Builder method Watches Enqueues
For(kind) kind the changed object itself
Owns(child) child the owner found via metadata.ownerReferences
Watches(src, handler) source whatever handler returns

For defines the primary kind. Owns is for children whose owner-ref points back at the primary. Watches is for anything else, including cross-namespace lookups via EnqueueRequestsFromMapFunc.


Q6. Why must Reconcile be idempotent?

Because the work-queue can deliver the same Request more than once — on watch retries, on cache resync, on rate-limited requeue, on the controller's own writes triggering events. If two reconciles with identical input produce different outputs, the cluster oscillates.

Idempotency is what lets the system converge despite events being unreliable. Don't fight that — embrace it.


Q7. What does controllerutil.CreateOrUpdate do internally?

It Gets the object by namespaced name. If NotFound: calls your mutator on the empty object, then Creates. If found: copies the existing object's state, calls your mutator on it, and if the mutator changed anything, Updates.
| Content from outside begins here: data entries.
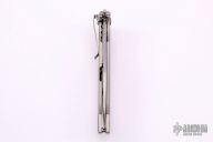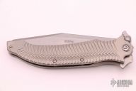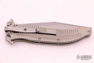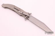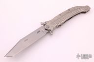 This AXD Assisted Framelock Flipper has a tumble finished tanto blade, dual thumb studs, and symmetrical flippers. Handle is bead blasted and milled titanium frame, stainless steel barrel spacers, and tip up or down stainless steel clip. Nice blade seating, nice detent and lockup. Comes with original box, papers and padded zipper case. Excellent condition.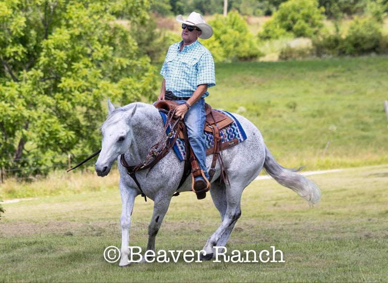 NLINE AUCTION Place your bids at www.PlatinumEquineAuction.com Starting Bid $3500 Auction ends August 4th, 2024 Need a new saddle? Check out White Rock Saddles on our website or Facebook! Ruf N Revolutionary…..Better Known as “Einstein “around the barn . He is a Registered AQHA grey gelding. Who is 15 hands tall and 16 years old. Don’t let his age fool you he feels and looks like a 6 yr old. This is one of them hard to find . Great bred and broke seasoned geldings . That will take you anywhere and do anything. He is sound with no maintenance. He is an own son of the great sire “Einsteins Revolution “. He has been shown In the reining and ranch versatility. Last month was the first time we showed him in two years . Where he finished second in a large group of 18 talented horses. In the reining class. The kids have started him over fences which he absolutely loves. Einstein went to his first hunter show last week where he win the flat class and the 2’6 over fences. This week he guided our weekly dude string of horses on trail rides . This guy will be there every morning to greet you at the gate . Ready to enjoy whatever days job you give him .He lives outside 24/7. Einstein is one of our top horses in the trail riding string of horses. Takes all obstacles out on the trail and is very easy to maneuver .He is extremely broke and goes through all obstacles with ease. Einstein has been a pony horse at the racetrack as well. This guy will meet you at the gate every morning with a ready to work attitude. Very easy to catch and get along with. He is totally up to date on vet/farrier /dental and has all necessary paperwork and vaccines all ready to go.Also comes with a clean vetting.. We can help with shipping anywhere from coast to coast. We strongly encourage customers to come out and try our horses . Einstein is located in Mt. Grove, MO. Call Beaver Ranch Mike 410-490-7384 for more info. ONLINE AUCTION Place your bids at www.PlatinumEquineAuction.com Starting Bid $3500 Auction ends August 4th, 2024 Need a new saddle? Check out White Rock Saddles on our website or Facebook!
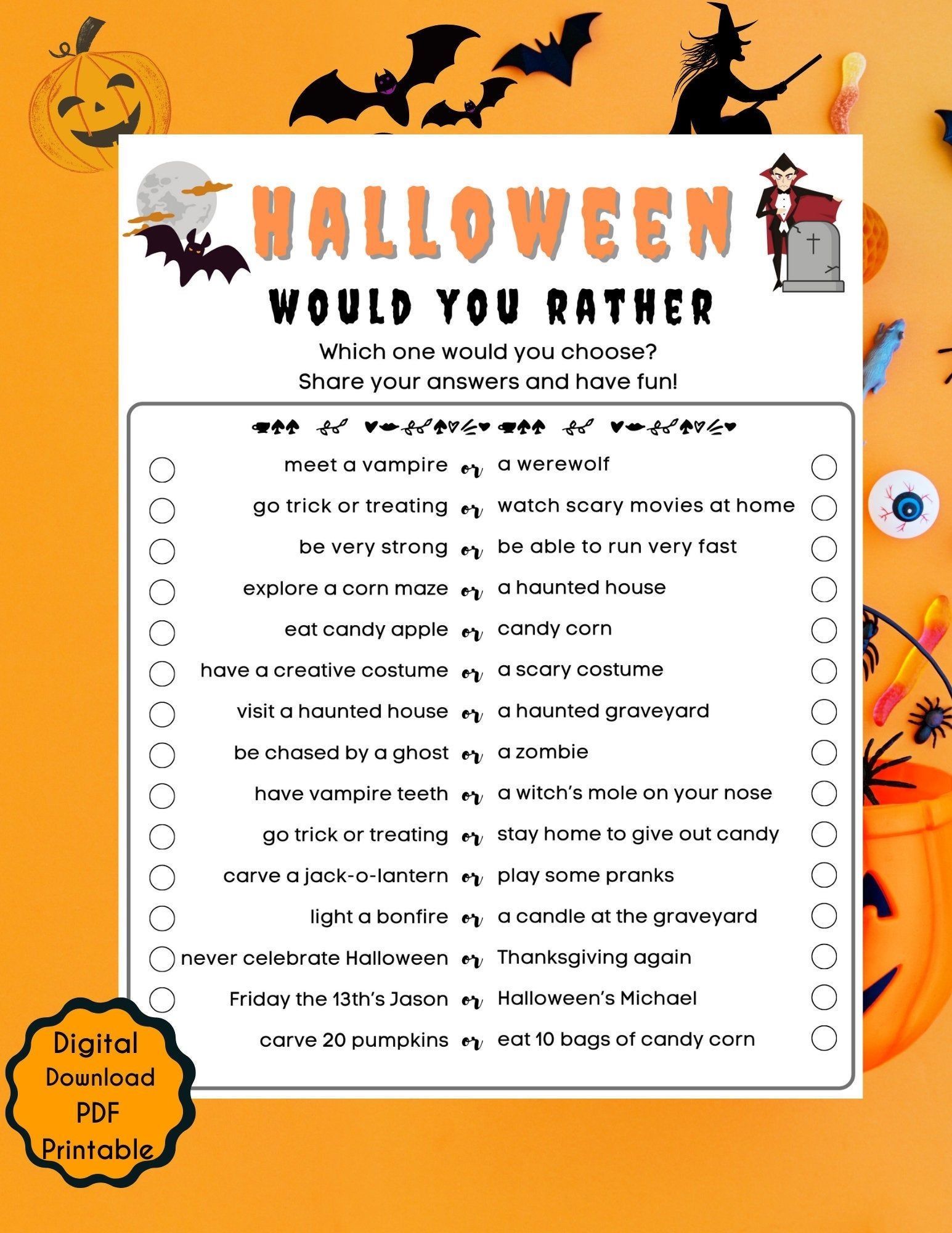 Another fun printable game for Halloween is a “guess the candy” game. Players are given a list of clues describing different types of Halloween candy, and they have to guess the candy based on the clues. This game is a great way to test your knowledge of Halloween treats and can be a fun icebreaker for a Halloween gathering.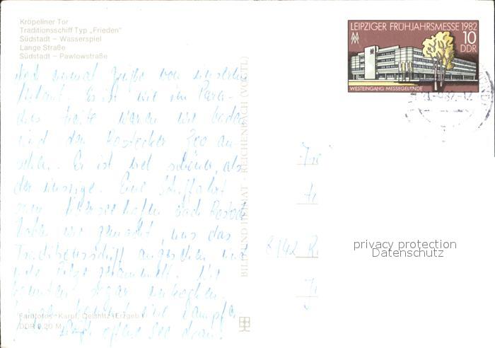 72329450 alte Postkarte ROSTOCK CITY Kroepeliner Tor Traditionsschiff Typ Frieden Suedstadt Wasserspiele Lange Strasse Pawlostrasse postalisch gelaufen Erhaltung siehe scans KatCode: 11110013003000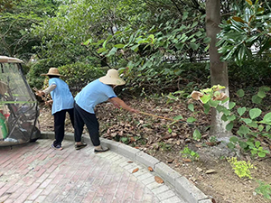 上午9點開始,南北區(qū)域的保潔在保潔主管的帶領(lǐng)下正式開展清掃工作。因小區(qū)綠化面積較大,保潔主管安排就近兩區(qū)域的保潔兩兩一組組隊開展工作。先是保潔拿著耙子把圍在灌木叢中的落葉扒出來,再用掃把把落葉都掃成一堆一堆的,最后拿大袋子把落葉裝起來由保潔班長清運到垃圾堆放點內(nèi)。從上午9點到下午4點,保潔們一直重復(fù)著耙落葉、掃落葉、裝落葉和運落葉的動作,每個人都干得汗流浹背,最終在保潔班長清運到15車時,清掃行動圓滿結(jié)束?粗兊谜麧嵡逅木G化帶,大家瞬間覺得付出的汗水都值得了。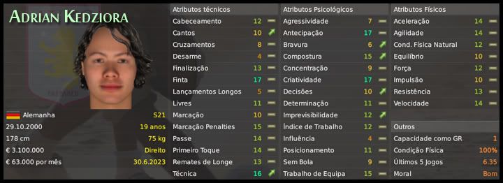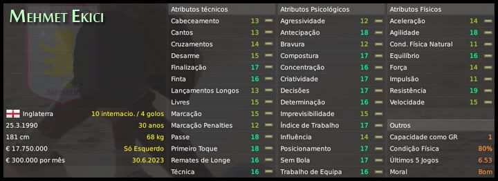 Bruno Trink Postado 16 de Julho 2009 Autor Denunciar Postado 16 de Julho 2009 15.09.2020 O emparelhamento na fase de classificação da UEFA Champions League não foi nada favorável para nós. O adversário na luta pela vaga na fase de grupos era a forte Juventus, que enfrentamos logo na primeira partida oficial da temporada 2020/2021. Não podíamos nos deixar abater por isso, lembrei aos jogadores todo o trabalho que tivemos na temporada passada para conseguir a vaga para a Champions e que esse confronto definiria o nosso projeto para o ano. O time comprou a briga. László Németh nos deu um susto logo aos 9 minutos, mas a equipe não se abateu e virou o jogo para 3 a 1 ainda no primeiro tempo. Nem a expulsão do marroquino Gloub tirou o nosso ânimo e John Anthony ainda marcou o quarto gol e ampliou nossa vantagem para o jogo em Turim. No Delle Alpi, Benzema marcou seu primeiro gol em partidas oficiais com a camisa do Villa e a classificação nunca esteve ameaçada, mesmo com a superioridade da Vecchia Signora em muitos momentos da partida. Giordano e Cavani viraram para a Juve, mas Nick Jones empatou no final. Mais uma vez, a sorte não foi "boazinha" conosco. Estamos no grupo D, junto com Inter de Milão, Valencia e CSKA Sofia. Entre as duas partidas contra a Juventus, aproveitando que a janela de transferências ainda estava aberta, fechei mais três contratações. Já tinha percebido uma carência de meias ofensivos e trouxe dois, ambos trabalharam comigo no Gladbach, o português José Leitão e o alemão Adrian Kedziora, este último uma promessa de craque. Sem contrato estava o o zagueiro inglês Dean Barrow e eu não pude deixar passar essa oportunidade. O início na Premier League está sendo como mandam os especialistas: vitórias em casa, empates fora. Além disso, perdemos a final da Supertaça Européia para o Arsenal, campeão da UCL. Mas as atuações não empolgam, nem aos torcedores e nem a mim. Tanto é que, já na partida contra o West Ham, eu já ensaiei uma alteração tática na equipe. Mehmet Ekici, que estava fazendo a dupla de volantes com Aaron Hill e é conhecido por sua versatilidade, foi adiantado para jogar ao lado de Nick Jones. Com isso, Benzema tem mais companhia no ataque mas, em compensação, temos que segurar mais os laterais. O primeiro forte teste para a nova formação será hoje, contra o CSKA em Sofia, na primeira partida da fase de grupos da Champions. Citar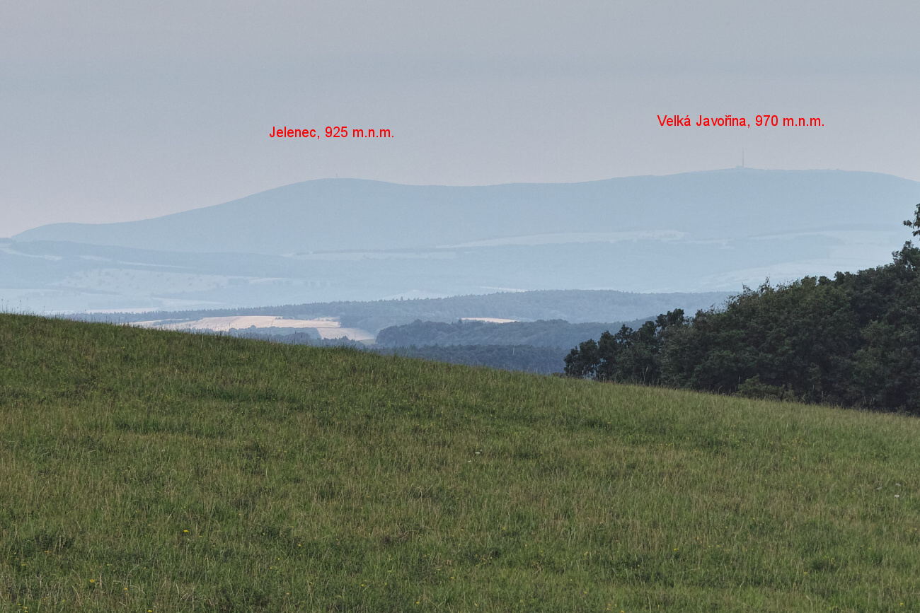 Jarouš píše:Jardo, ten Tvůj směr druhé fotky v mapce je naprosto správný. A právě proto je to Jelenec. Když si tu mapu ještě o krok zvětšíš, máš ho přesně tam. Velká Javořina má mnohem větší vysílač a kus relativně rovného hřebene. Našel bys ji ještě víc vpravo v nepříjemném protisvětle. Dobrou fotku nemám, ale snad postačí i výřez. Foceno asi 5 km jižně od Zlína, úhel pohledu je téměř stejný.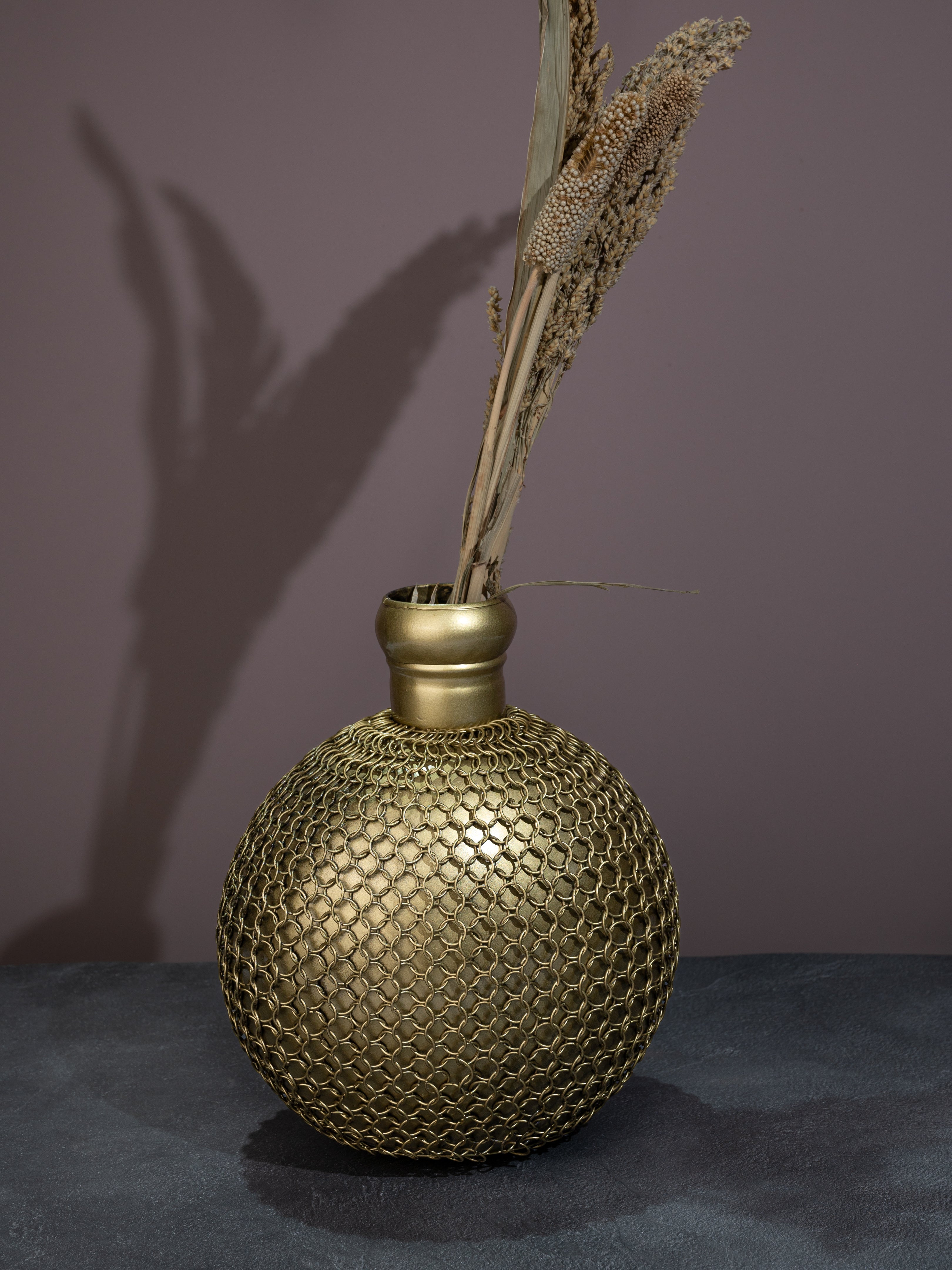 Smart and stylish, our gold colored vase with a sleek pattern is an instant crowd pleaser. Intricately crafted from metal and covered with chain mesh, you can use this vase as an exclusive decor piece or showcase your favourite botanicals in style.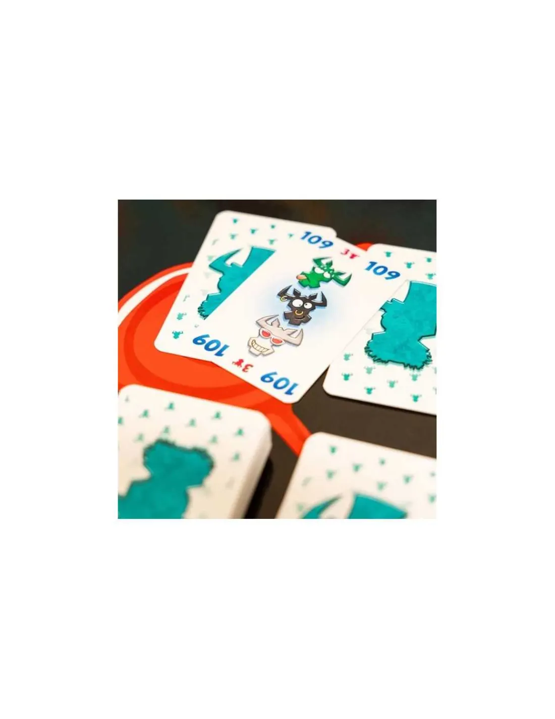 Posez vos cartes dans une des 5 rangées en respectant les couleurs des têtes de bœuf disponibles. Mais attention : si vous posez la 6e carte ou la 6e tête de bœuf de la même couleur d’une rangée, vous devez ramasser les cartes ! Vous récupérez ainsi des points négatifs.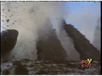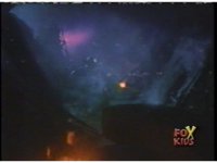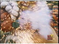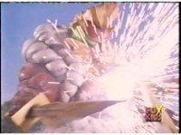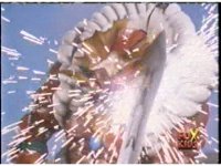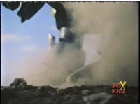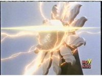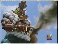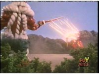 Fishface responds by aiming his blast bag and firing a sand burst at Galaxy Megazord, sparking it, shaking up Red in his cockpit. |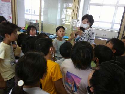 サナギの皮を破って成虫になる瞬間に子どもたちは、まじまじと見たり、喜んだりしていました。

Returns OperationResultCreated, Updated, or Unchanged.

The mutator must be a pure function of inputs — random values, timestamps, anything time-dependent will cause Update on every reconcile.


Q8. Explain owner references and SetControllerReference.

metadata.ownerReferences is a list of pointers to other objects ("I belong to these"). Kubernetes' garbage collector deletes an object when its owners are deleted (with BlockOwnerDeletion).

SetControllerReference adds a special kind of owner ref — controller: true. There's only one controller owner per object. Owns uses this ref to find the parent and enqueue its reconcile. Without SetControllerReference, Owns doesn't fire.


Q9. How do finalizers work?

A finalizer is a string in metadata.finalizers. While any finalizer is present, kubectl delete only sets metadata.deletionTimestamp — the object stays in the API. Kubernetes deletes the object only when the finalizers list is empty.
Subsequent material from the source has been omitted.